Une petite dose d’inflation est toujours bonne pour l’économie. Les banques centrales fixent généralement l’objectif de 2% par an comme une cible parfaite. Elle permet aux entreprises d’ancrer leurs anticipations de hausses des prix à moyen et long terme. Ce caractère prévisible est favorable à la prise de décision d’investir, car il réduit l’incertitude sur les revenus futurs engendrés par un projet.
Cela incite par ailleurs les ménages à placer leurs excédents de liquidités plutôt qu’à les thésauriser ou à les conserver sur leurs comptes bancaires. Une inflation modérée contribue donc à assurer l’équilibre entre le niveau d’épargne et celui de l’investissement, sans lequel les taux d’intérêt s’envolent, limitant ainsi les projets d’investissement des entreprises.
En Tunisie, nous sommes à une inflation à deux chiffres. Pour l’Etat, qui se préoccupe avant tout de ses recettes fiscales, c’est une aubaine. Il peut bénéficier d’un prix de base élevé pour les différents produits et services pour empocher des droits de consommation et une TVA encore plus importants. En 2021, ces deux taxes ont permis l’encaissement de 11 968 MTND. Ce chiffre est passé à 13 656 MTND en 2022 et serait de 15 151 MTND en 2023.

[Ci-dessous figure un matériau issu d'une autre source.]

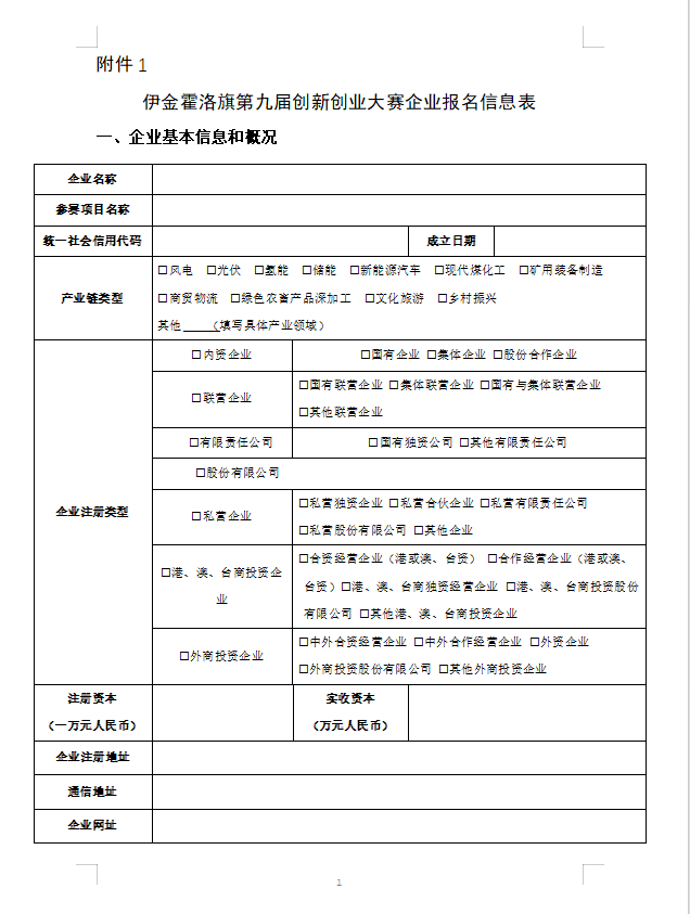 (一)請(qǐng)參賽企業(yè)按照要求,填寫《伊金霍洛旗第九屆創(chuàng)新創(chuàng)業(yè)大賽企業(yè)報(bào)名信息表》(見(jiàn)文末附件)、《伊金霍洛旗第九屆創(chuàng)新創(chuàng)業(yè)大賽參賽承諾書》(見(jiàn)文末附件),并對(duì)所填信息的準(zhǔn)確性和真實(shí)性負(fù)責(zé)。

Des taux d’intérêt élevés sont également une bonne affaire. Les ménages épargnent davantage et les banques trouvent plus de ressources pour investir dans les titres de créance souverains, indispensables pour clôturer le budget. Les établissements financiers, principaux contributeurs à l’impôt sur les sociétés, vont gagner plus et payer encore plus d’impôts sur les bénéfices.
L’inflation mondiale est également une occasion pour justifier des mesures restrictives en matière d’importations, ainsi que la levée des subventions. Elle conduit à des droits de douane plus élevés, qui atteindraient un record cette année, selon les projections du ministère des Finances, à 2 060 MTND. Avec la stagnation de l’activité économique, une telle progression ne peut résulter que d’un effet prix.
Mais attention, cela ne peut fonctionner que pour une courte période. L’absence d’investissement va porter un coup fatal à la croissance et la création de richesse pour des années. Les entreprises qui vont se donner les moyens pour s’acquitter de leurs impôts en 2023 ne vont pas nécessairement les trouver pour le faire en 2024. L’impact social n’est pas mesurable et il serait grave de le négliger.